The method of model realization framework based on supervision class machine learning algorithm

Technical field

The present invention relates to a kind of methods of model realization framework based on supervision class machine learning algorithm.

Background technique

Under current techniques environment, machine learning is most popular most exciting one of field.The study of machine, allows people Enjoyed stable twit filter, convenient text and speech recognition, reliable network search engines and brilliant Chess player, and safe and efficient autonomous driving vehicle is expected to occur indubitable, and machine learning has become one Popular domain, but it is sometimes easy to have one's view of the important overshadowed by the trivial that constantly volume carries out innovative ability and realizes continuous study by it needs.

Summary of the invention

In order to solve the above technical problems, the object of the present invention is to provide a kind of models based on supervision class machine learning algorithm The method for realizing framework.
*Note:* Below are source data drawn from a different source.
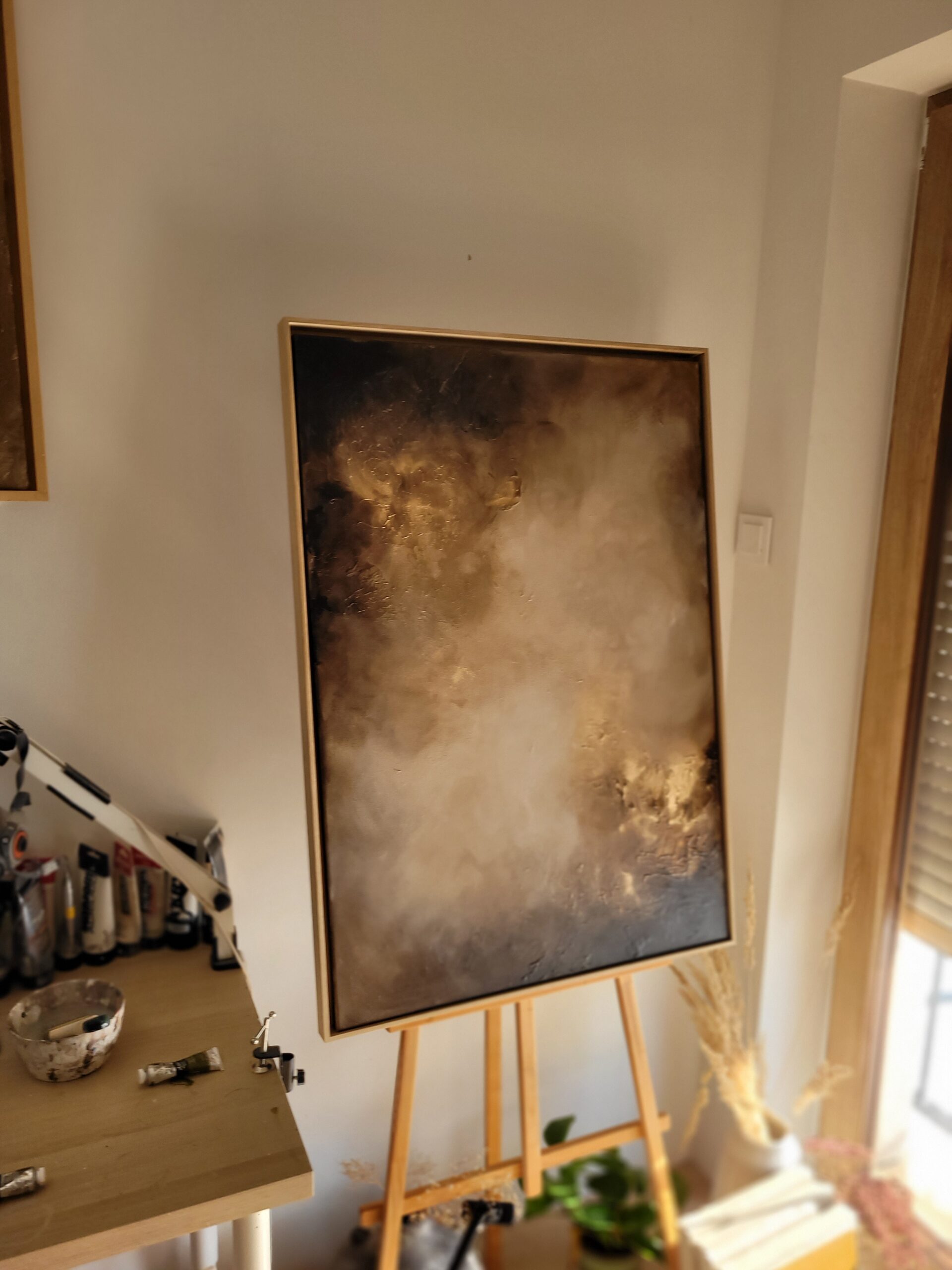 „Światło i mrok”, 100 x 70 cm, akryl i pasty strukturalne, 2025 Obraz „Światło i mrok ” przedstawia zestawienie jasnych i ciemnych partii kolorystycznych w formie abstrakcyjnej kompozycji. Odbiór pracy opiera się głównie na analizie koloru, światła, faktury oraz relacji między poszczególnymi elementami. Obraz można traktować jako wizualne zestawienie przeciwstawnych wartości tonalnych oraz eksperyment z…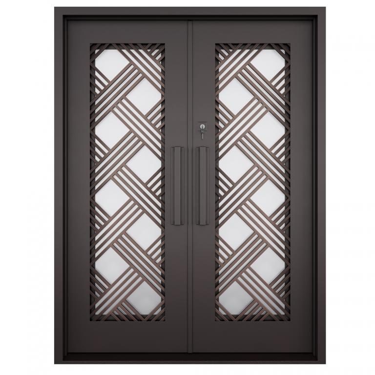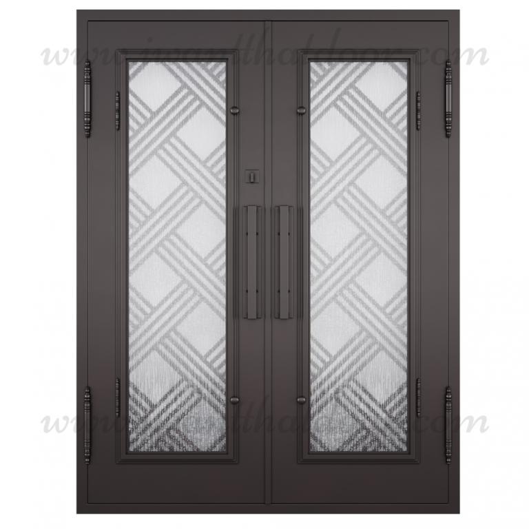 | MACEDONIA RH Wrought Iron Door 61 X 81 RIGHT HAND INSWING MEDIUM COPPER Color RAIN Glass STEEL Material PULL HANDLE #006 SQUARE DEADBOLT DOUBLE SQUARE TOP Modern, Contemporary, Art Deco Style Residential, Commercial (Pull Handles and Locks are price separately) | |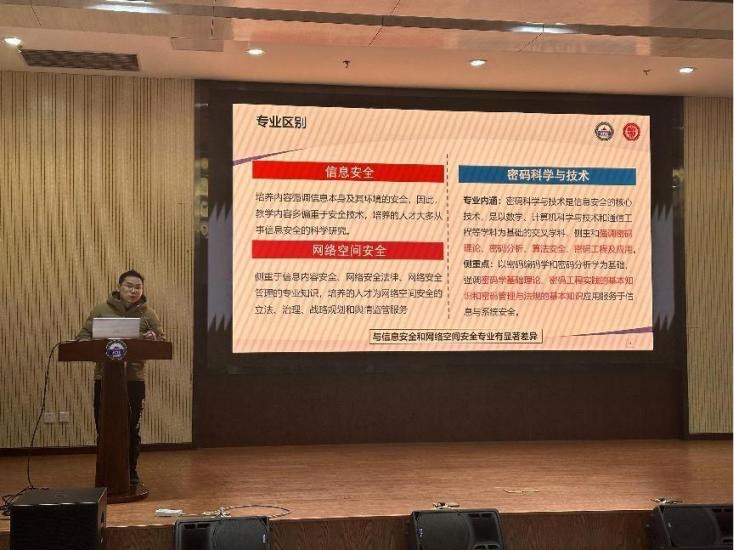 召开了2023级本科生专业分流宣讲会。宣讲会由教学办公室组织,学院副院长赵磊、副书记刘嘉梅、信息安全系主任张立强、网络空间安全系主任曹越、密码系副主任欧长海、学工办及教学办相关老师、2023级全体学生参加了会议。

To achieve the above object, the present invention adopts the following technical scheme:

The method of model realization framework based on supervision class machine learning algorithm, comprising the following steps:

Step 1: the design of model data frame entirety, mainly for explicitly defining for mode input data；

Step 2: data prediction design carries out further processing processing mainly for mode input matrix is generated；

Step 3: sample control design case, mainly for the sample data and label data in supervision machine study；

Step 4: model training design mainly establishes an algorithms library, the training data that step 2 is completed the process is as defeated Enter, then, calls the algorithm in algorithms library, that is, produce corresponding machine learning model；

Step 5: test data is inputted in trained each model and calculates acquisition prediction knot by model evaluation design Fruit compares the otherness of the target item and prediction result in test data.

Further, the method for the model realization framework based on supervision class machine learning algorithm, wherein the step Mode input data are divided into target item and characteristic item in rapid 1, wherein target item is the object that model needs to predict, passes through industry Business demand confirms such object；Characteristic item be then for carrying out model training multi-dimensional matrix, it is every in characteristic item One dimension all has certain influence to prediction target item.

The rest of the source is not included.